Now, a break from the news

Cook: This buttery caper sauce will lift asparagus or any other vegetable. Or try it with scrambled eggs, or even on its own as a side dish.

And now for the Back Story on …The honorific ‘Mrs.’

What does marriage mean for a woman’s identity? What does it mean for her name? Those questions are at the center of The Mrs. Files, a new project from The Times.

The Mrs. Files looks at what it means, and what it has meant, for a woman to be identified by her partner’s last name — regardless of her accomplishments. Tell me what your name has meant to your career.

Sarah: I take names very seriously. When I meet someone, it’s always important to me that I check with them about what they would like to be called. So much of who we are is what we get called by in the world, so defining what we would like to be called is this moment of potential agency. That agency is taken away when the world calls us something we don’t want to be called.

Denice: Growing up, I lived most of my adolescence solely with my mother, who’s Puerto Rican. My father is Jewish. A lot of children of multicultural families have hyphenated names but I don’t, and it’s not lost on me that I have my father’s last name solely because of a patriarchal idea. So much about writing is pointing at the world and pointing at yourself and finding language for what someone else has named.

When you were a child, did you dream of a traditional wedding?
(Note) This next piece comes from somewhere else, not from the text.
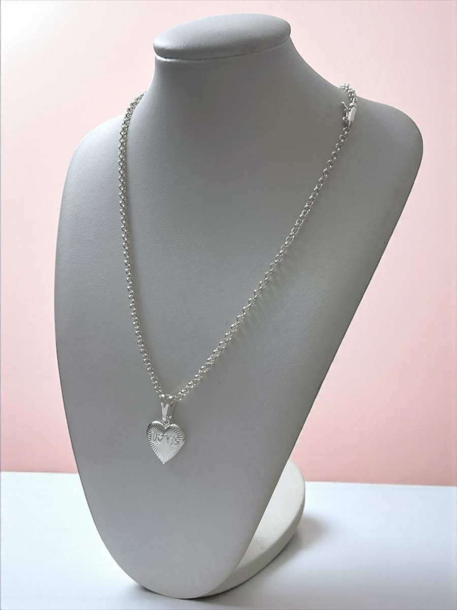 Cordão Elo Português Feminino 3mm + Pingente Coração Love Banhado A Prata
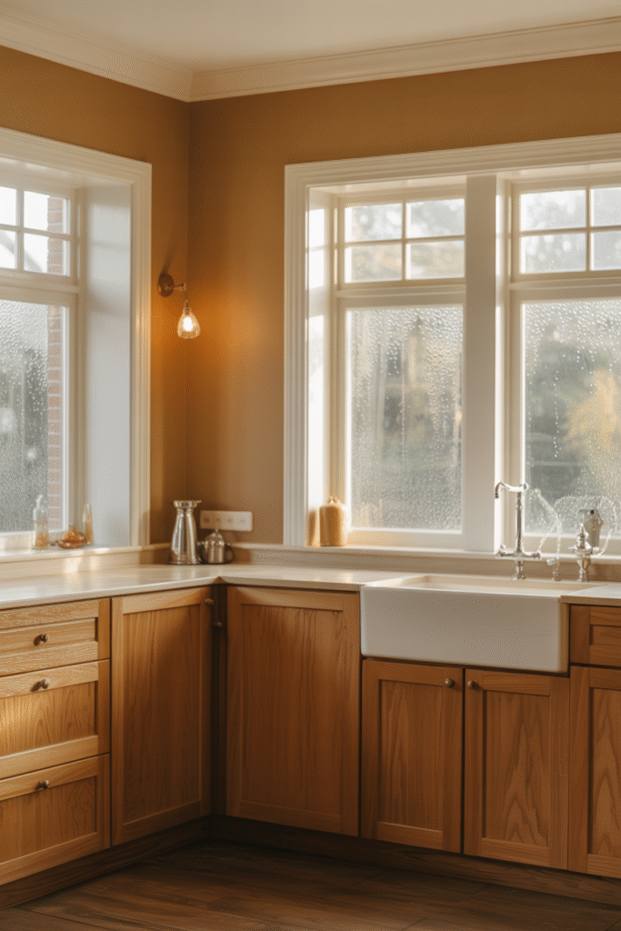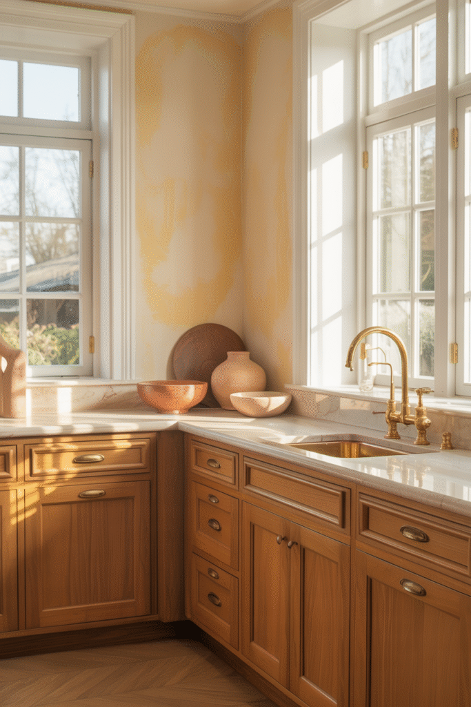 A pairing that captures the warmth of sunlight on wood floors, this palette revolves around a creamy soft linen wall color (think neutral with a whisper of yellow undertone) and honey oak cabinetry. Touches of brushed brass hardware and warm marble or quartz countertops elevate the look without overwhelming it.

Denice: I was very invested in a traditional wedding. My parents split up when I was very young. So I’d never seen a happy marriage and, with no model or example, I had to create one, so I pulled from pop culture. As I got older and stepped into my sexuality, I had to unpack that. I was trying to conform to an expectation instead of living a life that was in my own handwriting.

Helen: I started thinking recently about who weddings are for. I always assumed that if I got married it would just be for me and for my partner. But then you start thinking about relatives and it becomes a difficult negotiation between the public and the private.